Beinahe zweihundert Menschen bevölkerten den gediegenen Tagungsraum im dritten Stock des Plaza Hotels am Central Park South.

»… seit Jahrzehnten schon durch die Strömungsverhältnisse der Höhenwinde und den Corioliseffekt Feinstaub auf den Polkappen ab, der durch den Industrieausstoß und den Straßenverkehr entsteht«, erklärte der bekannte Klimatologe Professor Behring vom Kieler Institut für Umwelt und Meeresforschung in seinem Referat. »Die negative Beeinflussung des Reflektionsverhaltens der Eisoberfläche ist nicht von der Hand zu weisen – dadurch werden die oberen Schichten für die Energie des Sonnenlichts angreifbar. Dies führt unweigerlich zu einer Erwärmung in den oberen Gletscher- und Eisschichten und schließlich zu einem unumkehrbaren Abschmelzeffekt.«

»Ihre Ergebnisse sind beeindruckend, Professor Behring«, meldete sich ein Wissenschaftler aus der australischen Gruppe zu Wort. »Sie haben bislang aber nur Indizien, keine Beweise.«

»Natürlich gibt es für meine Theorie noch keine Langzeitstudien, jedoch weist die Analyse der bisherigen statistischen Daten eine klare Tendenz auf«, hielt Behring dagegen.
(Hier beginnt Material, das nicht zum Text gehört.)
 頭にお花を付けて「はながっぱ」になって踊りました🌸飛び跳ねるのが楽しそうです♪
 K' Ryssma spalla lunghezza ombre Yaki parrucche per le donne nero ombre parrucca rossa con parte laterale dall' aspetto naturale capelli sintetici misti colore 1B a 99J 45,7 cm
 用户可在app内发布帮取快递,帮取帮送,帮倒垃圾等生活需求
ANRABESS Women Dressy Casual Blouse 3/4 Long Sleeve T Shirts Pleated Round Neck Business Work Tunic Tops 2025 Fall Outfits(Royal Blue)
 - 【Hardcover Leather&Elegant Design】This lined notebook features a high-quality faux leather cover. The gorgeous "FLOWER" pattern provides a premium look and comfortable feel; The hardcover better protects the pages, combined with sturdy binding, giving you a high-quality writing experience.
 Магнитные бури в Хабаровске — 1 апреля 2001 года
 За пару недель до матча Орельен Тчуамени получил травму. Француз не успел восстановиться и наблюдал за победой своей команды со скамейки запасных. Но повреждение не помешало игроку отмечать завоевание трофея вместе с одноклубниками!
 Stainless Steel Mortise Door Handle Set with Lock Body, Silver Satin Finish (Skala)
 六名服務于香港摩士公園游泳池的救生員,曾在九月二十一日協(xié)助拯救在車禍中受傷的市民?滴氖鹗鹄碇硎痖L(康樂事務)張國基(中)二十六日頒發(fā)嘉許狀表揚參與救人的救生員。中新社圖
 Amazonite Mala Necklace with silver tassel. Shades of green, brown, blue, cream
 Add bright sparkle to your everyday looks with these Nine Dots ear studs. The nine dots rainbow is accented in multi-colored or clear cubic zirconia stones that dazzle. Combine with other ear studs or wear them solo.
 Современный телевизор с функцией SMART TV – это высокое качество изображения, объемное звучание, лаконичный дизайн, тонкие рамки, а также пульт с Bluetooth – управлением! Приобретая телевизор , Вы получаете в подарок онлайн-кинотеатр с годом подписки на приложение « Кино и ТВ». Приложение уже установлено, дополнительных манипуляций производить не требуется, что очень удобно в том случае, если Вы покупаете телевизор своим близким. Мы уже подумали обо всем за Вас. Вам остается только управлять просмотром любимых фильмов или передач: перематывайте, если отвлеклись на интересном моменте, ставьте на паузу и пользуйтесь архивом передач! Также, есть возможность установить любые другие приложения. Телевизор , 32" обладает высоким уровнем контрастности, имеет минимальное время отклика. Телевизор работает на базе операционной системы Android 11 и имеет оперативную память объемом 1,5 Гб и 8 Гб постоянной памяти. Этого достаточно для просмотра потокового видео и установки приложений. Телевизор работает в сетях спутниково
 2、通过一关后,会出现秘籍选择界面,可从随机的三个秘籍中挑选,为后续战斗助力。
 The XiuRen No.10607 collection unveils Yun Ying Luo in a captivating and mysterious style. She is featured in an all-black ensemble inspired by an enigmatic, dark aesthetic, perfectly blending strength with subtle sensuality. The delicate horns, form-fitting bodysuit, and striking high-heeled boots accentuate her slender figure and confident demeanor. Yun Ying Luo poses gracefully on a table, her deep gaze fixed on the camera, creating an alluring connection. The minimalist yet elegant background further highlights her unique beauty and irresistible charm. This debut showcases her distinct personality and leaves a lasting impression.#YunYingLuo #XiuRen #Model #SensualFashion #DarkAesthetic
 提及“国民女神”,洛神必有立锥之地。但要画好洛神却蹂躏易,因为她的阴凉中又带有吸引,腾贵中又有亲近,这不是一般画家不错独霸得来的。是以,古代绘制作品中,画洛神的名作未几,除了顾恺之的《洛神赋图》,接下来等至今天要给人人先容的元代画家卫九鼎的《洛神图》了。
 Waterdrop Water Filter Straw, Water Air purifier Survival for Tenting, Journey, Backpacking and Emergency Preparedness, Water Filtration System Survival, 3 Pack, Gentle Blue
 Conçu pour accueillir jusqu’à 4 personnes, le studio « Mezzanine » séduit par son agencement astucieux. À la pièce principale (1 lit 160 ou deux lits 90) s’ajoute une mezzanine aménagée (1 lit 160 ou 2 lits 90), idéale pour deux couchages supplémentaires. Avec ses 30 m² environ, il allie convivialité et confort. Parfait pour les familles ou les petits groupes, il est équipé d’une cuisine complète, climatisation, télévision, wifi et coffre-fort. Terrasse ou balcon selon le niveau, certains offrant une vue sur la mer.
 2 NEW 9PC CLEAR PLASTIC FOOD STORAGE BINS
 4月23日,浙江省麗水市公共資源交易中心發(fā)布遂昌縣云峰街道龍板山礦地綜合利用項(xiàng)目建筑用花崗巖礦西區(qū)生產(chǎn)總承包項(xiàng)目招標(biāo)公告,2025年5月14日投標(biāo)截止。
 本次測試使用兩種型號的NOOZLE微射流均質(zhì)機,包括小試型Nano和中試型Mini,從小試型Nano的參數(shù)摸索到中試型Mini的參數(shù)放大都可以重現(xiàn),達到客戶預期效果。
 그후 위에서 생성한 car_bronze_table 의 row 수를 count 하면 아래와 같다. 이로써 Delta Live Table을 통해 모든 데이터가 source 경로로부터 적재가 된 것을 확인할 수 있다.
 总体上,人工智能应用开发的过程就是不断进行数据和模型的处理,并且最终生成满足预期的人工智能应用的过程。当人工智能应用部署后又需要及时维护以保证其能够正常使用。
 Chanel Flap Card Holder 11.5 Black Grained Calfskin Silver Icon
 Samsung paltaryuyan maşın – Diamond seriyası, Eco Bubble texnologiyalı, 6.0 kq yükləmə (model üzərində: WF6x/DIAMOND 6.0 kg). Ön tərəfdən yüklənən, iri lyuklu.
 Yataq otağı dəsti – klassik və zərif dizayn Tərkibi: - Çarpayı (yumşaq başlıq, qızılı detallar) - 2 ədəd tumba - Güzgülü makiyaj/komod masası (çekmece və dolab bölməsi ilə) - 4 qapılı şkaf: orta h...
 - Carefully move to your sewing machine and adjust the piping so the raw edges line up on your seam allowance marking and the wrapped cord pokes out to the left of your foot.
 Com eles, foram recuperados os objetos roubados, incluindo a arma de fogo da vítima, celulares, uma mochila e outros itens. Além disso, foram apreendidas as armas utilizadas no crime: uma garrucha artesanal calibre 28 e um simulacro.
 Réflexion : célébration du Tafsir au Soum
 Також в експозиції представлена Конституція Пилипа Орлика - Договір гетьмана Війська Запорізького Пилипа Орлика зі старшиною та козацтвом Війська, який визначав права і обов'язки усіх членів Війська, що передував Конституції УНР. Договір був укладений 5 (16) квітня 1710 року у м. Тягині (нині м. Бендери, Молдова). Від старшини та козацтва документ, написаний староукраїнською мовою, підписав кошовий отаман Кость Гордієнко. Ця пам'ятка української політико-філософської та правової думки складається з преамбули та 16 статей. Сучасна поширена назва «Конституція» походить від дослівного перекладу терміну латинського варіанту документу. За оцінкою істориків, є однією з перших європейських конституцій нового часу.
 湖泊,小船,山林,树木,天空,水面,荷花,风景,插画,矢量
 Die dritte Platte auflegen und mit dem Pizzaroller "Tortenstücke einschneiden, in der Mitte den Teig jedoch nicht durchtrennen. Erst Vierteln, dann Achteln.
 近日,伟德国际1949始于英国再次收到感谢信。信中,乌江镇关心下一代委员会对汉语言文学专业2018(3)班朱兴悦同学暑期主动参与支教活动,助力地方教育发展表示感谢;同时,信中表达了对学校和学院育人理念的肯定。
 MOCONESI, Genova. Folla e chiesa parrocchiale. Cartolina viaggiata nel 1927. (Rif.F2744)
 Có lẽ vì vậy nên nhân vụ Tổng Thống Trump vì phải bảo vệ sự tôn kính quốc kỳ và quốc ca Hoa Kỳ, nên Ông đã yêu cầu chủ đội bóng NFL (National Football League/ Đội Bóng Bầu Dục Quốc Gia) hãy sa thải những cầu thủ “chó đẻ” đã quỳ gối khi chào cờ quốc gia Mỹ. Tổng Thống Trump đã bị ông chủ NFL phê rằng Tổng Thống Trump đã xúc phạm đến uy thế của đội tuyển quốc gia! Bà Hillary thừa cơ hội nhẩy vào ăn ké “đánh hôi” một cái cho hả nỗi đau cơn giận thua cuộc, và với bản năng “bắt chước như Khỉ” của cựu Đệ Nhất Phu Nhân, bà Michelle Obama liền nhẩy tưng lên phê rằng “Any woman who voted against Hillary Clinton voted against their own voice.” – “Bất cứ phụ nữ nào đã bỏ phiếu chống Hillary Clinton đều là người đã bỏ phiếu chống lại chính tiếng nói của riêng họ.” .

»Die Erwärmung der Atmosphäre um beinahe 0,5 Grad in den letzten Jahren ist ein klarer Beweis für den Treibhauseffekt«, rief ein weiterer Teilnehmer des Symposiums Professor Behring zu. »Nach einer Studie des Max-Planck-Instituts in München ist eine Erwärmung um elf Grad Celsius in den nächsten fünfzig Jahren möglich. Wärmere Durchschnittswerte wirken sich naturgemäß auf alle Strömungsverhältnisse unseres Planeten aus. Sei es in der Luft oder im Wasser. Auch das Wasser am Nordpol erwärmt sich dadurch stetig.«

»Feinstaubniederschlag ist eine weitere Ursache für einen beschleunigten Schmelzprozess«, fuhr Behring in seinen Ausführungen fort. »Es gab Zeiten, in denen weit mehr Rußpartikel und weitaus mehr Kohlendioxyd die Atmosphäre belasteten. Aber zusätzlich zum mittlerweile unumstrittenen globalen Erwärmungsprozess beschleunigt der Feinstaubniederschlag das Abschmelzen der Polkappen. Im Endeffekt bedeutet das, dass die Klimakatastrophe ein paar Jahre früher über uns hereinbrechen wird.«

»Erinnern Sie sich, Professor, eben in jener Zeit, als es weit höhere Konzentrationen an Kohlenstoff und Schwebteilchen in der Atmosphäre gab, ist, soviel ich weiß, das Leben im Wasser entstanden«, warf der Australier ein.

Professor Behring ging nicht auf den Einwand ein, stattdessen klaubte er seine Notizblätter auf dem Rednerpult zusammen. Mit einer Verbeugung verließ er die Bühne. Wayne Chang hatte eine lebhafte Diskussion erwartet, doch Professor Behring schien offenbar keine Lust darauf zu haben.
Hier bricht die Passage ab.